<
>
Contributions
#31
RÉSUMÉ > Délaissant quelques instants les rues rennaises, la flânerie subjective de Gilles Cervera se déroule ce mois-ci au pied des remparts de Saint-Malo, thème de notre dossier oblige ! Notre collaborateur saisit dans l’air iodé des détails inattendus, des souvenirs nostalgiques et des ambiances corsaires.

     La piscine de Saint-Malo. Son plongeoir à géométrie variable. Par moment disparu et puis il revient, comme la toise en ciment des eaux. Les poissons et les crabes vivent en dessous et par moment des enfants y rêvent. Surtout l’hiver, de piqués, de saltos doubles ou triples, de voltiges au-dessus du miroir océanique. Le plongeoir, conceptuel assez, considérons-le comme du land art.

     Les mâts de Cocagne et ceux des navires se confondent. Les grues énormes sortent de la forêt des manèges. Les forains sous les remparts envoient à fond leurs cacophonies. En haut des remparts s’enroulent les rumeurs d’enfants, les cris de joie ou de peur dans les trains fantômes et le sucre des barbes à papa ruissellent sous les Portes de ville. Sainte Ouine est une sainte attendue, Luna Park et Magic Mirror poursuivent de la Cité ses caves comblées de débris et ses oubliettes à fantômes.

     L’humour est-il malouin ? Le minuscule bout de trottoir porte à peine l’ardoise et la demie-chaise de la demie-table du quart de consommateur. Lesquels s’agglutinent, désormais plus dehors que dedans. Les fumeurs fument et les verres sortent, les volutes montent, de bière aussi. La ville se souvient des nuits qui durent et des prolongations d’après la pêche. Terre-Neuve était fatigant, la campagne longue et pour s’en remettre, la surface de zinc n’était pas proportionnelle au temps que les hommes y venaient rattraper.

     La ville eut un autre nom. Une autre histoire. Tout ne commence pas avec un bombardement d’août 1944. Ni par des canonnières en rang ou des mortiers en batterie. Ni des bétons murant l’Atlantique. La ville est gallo-romaine et contemple deux millénaires. Entre Servan et Mach Low, il y a le vieux rempart d’Alet avec ses pierres venues de loin. Histoire stratifiée d’une actualité brûlante : entre les Coriosolites, les Alains ou les Normands, entre Anglois ou Germains, entre les cars de touristes et les ferries débordant, tant d’envahisseurs ont poussé le Malouin à conquérir ailleurs. Qui pousse qui ? Qui prend le fer contre qui ? Qui découvre quoi ?

     La jetée du port, celle qui protège, brise les lames, permet d’entrer, fait signe, c’est aussi ce trait d’homme lancé dans le vertige.
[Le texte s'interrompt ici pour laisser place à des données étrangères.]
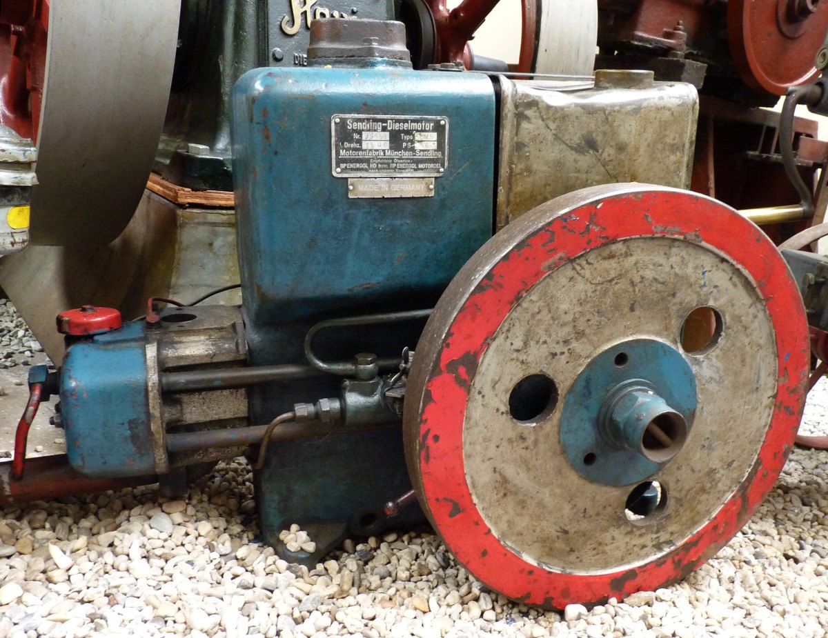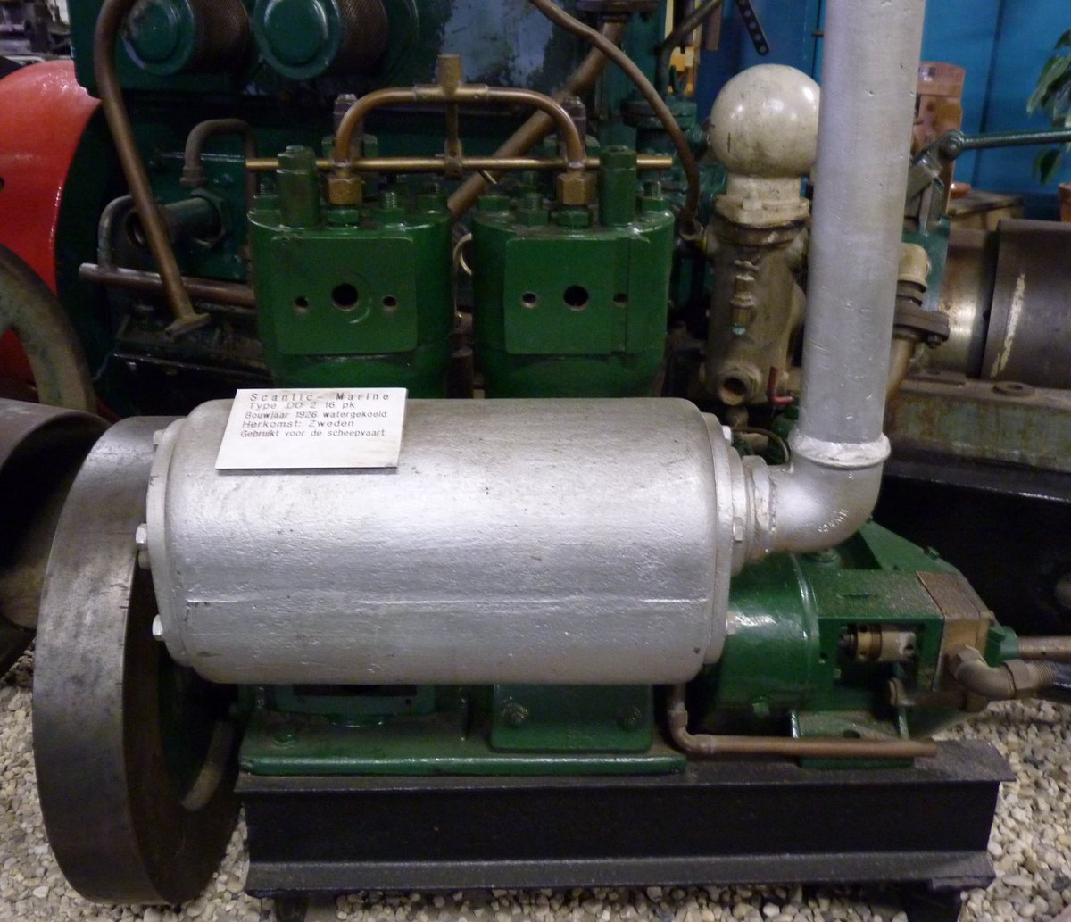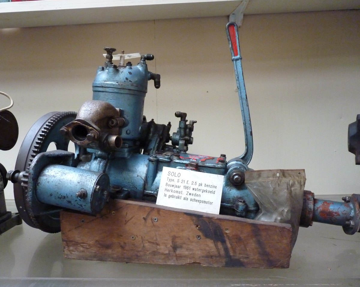 Een 1 cilinder Steywal gloeikopmotor. De SteijWal fabriek, Rotterdam werd opgericht door

Ici, la nature est omniprésente. Les éléments, comme on dit. Leur imposer notre ordre d’humain est un ouvrage constant, une volonté de puissance, un rapport de force que la jetée raconte. Les niveaux de la mer montent, ceux d’Alet s’en souviennent. Que se passera-t-il demain ?

     La tempête habite ici autant que les Malouins. Les fenêtres sont doublées depuis longtemps et on met sa façade plutôt dos aux vents dominants. Le panneau est éloquent. Gaffe les gars, le vent vient ! Les touristes souvent n’y croient pas. Romantiques, ils viennent tablette en avant, ils ont regardé la météo ! Ceux d’ici ferment leurs volets et eux accourent, prennent le train pour une tempête du siècle. Show must go on. Victor Hugo s’efface des mémoires : Ah ! cette mer est méchante, /Et l’affreux vent d’ouest qui chante/ En troublant l’eau, /Tout en sonnant sa fanfare, /Souffle souvent sur le phare/ De Saint-Malo.

     Celui qui n’est pas d’ici se demande toujours quels noms ils portent et où leurs yeux regardent. Si c’est nous qui, sillonnant le Sillon, ils scrutent ou si c’est un poisson, là-bas, qu’ils lorgnent ou le reste d’un cornet dégringolé d’un sac de plage. Les oiseaux de mer chantent Hugo dans le texte et nous croyons qu’ils jacassent: Et les écueils centenaires/ Rendent des bruits de tonnerres/ Dans l’ouragan ; /Il semble en ces nuits d’automne /Qu’un canon monstrueux tonne /Sur l’océan.